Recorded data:
:::

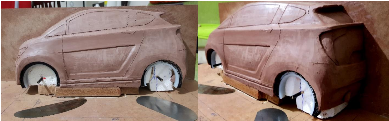
Figure 2 clay model
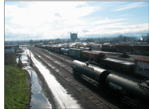
Vancouver Rail Yard
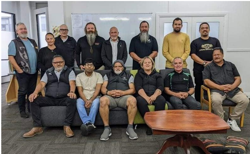
Team Tauawhi - start of 2022
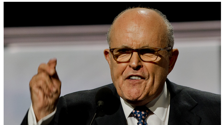
RUDY GIULIANI.

In addition to dismissing the case, Sommer prohibited its filing again.
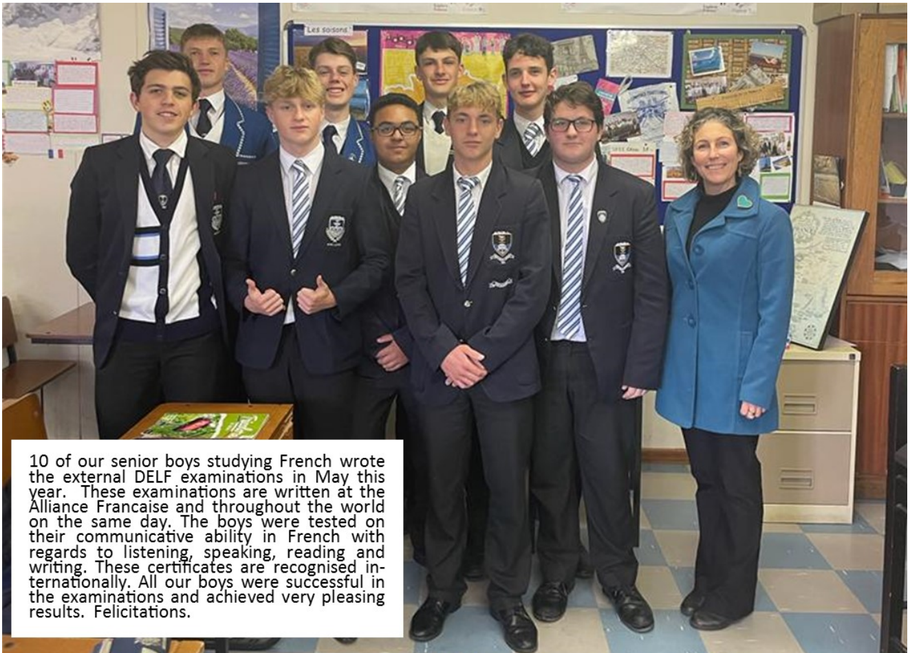
10 of our senior boys studying French wrote the external DELF examinations in May this year. These examinations are written at the Alliance Francaise and throughout the world on the same day. The boys were tested on their communicative ability in French with regards to listening, speaking, reading and writing. These certificates are recognised internationally. All our boys were successful in the examinations and achieved very pleasing results. Felicitations.
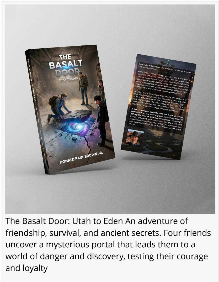
The Basalt Door: Utah to Eden An adventure of friendship, survival, and ancient secrets. Four friends uncover a mysterious portal that leads them to a world of danger and discovery, testing their courage and loyalty

1- Britney, the stabilizer, struggles with her need for control as chaos unfolds around her, yet
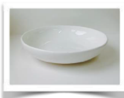
Stirling Pasta Bowl

:::

### Prompt
The pictures in the data should be omitted, and every remaining line set down exactly.

### Response
Figure 2 clay model
Vancouver Rail Yard
Team Tauawhi - start of 2022
RUDY GIULIANI.

In addition to dismissing the case, Sommer prohibited its filing again.
10 of our senior boys studying French wrote the external DELF examinations in May this year. These examinations are written at the Alliance Francaise and throughout the world on the same day. The boys were tested on their communicative ability in French with regards to listening, speaking, reading and writing. These certificates are recognised internationally. All our boys were successful in the examinations and achieved very pleasing results. Felicitations.
The Basalt Door: Utah to Eden An adventure of friendship, survival, and ancient secrets. Four friends uncover a mysterious portal that leads them to a world of danger and discovery, testing their courage and loyalty

1- Britney, the stabilizer, struggles with her need for control as chaos unfolds around her, yet
Stirling Pasta Bowl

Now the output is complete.